Postby 82_28 » Fri May 21, 2010 12:15 am

justdrew wrote:
82_28 wrote:
justdrew wrote:
82_28 wrote:
Wombaticus Rex wrote:Sounds like you don't really want to know, though.


Sure I do. Explain it or else I'm going back to that Cydonia thread for the rest of my life.


ya know, your username, 82_28, is: <year_of_PKD's_death>_<year of PKD's_birth>

was that intentional? (probably not but FYI :) )


Fuck you!!!!! Arghhhh. No I did not realize that!!!. That freaks me out. Totally freaks me out. Now I do realize it and it was not intentional and I also happen to be a huge PKDickian thought dabbler.

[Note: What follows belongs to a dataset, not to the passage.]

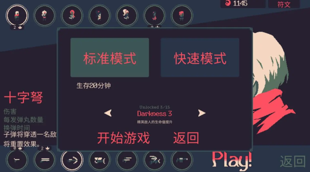 本作明确区分两种核心玩法模式:标准模式(20分钟)侧重中后期强度成长,适配需持续叠加增益的持续输出型武器;快速模式(10分钟)则强调开局爆发力,更适合依赖起手压制、但成长曲线平缓的激进流派。模式选择并非固定偏好,而是与玩家当局所选武器特性深度绑定——合理匹配模式与武器机制,是提升通关率与体验流畅度的关键决策点。

82_28 comes from a cash turn-in as a bartender of $82.28 for three straight shifts a couple of years ago. Fuckin' weird.

And I didn't mean "fuck you" as in "fuck you". Just fuuuucckkkk you man, are you kidding?!?!? Too fuckin' weird.



s'cool I know how you meant it. it's that old synchomystic sibilance at it again. As long as you're not waking up in the night to discover your clock radio secretly whispering insults at you, all is well... or well, well as can be.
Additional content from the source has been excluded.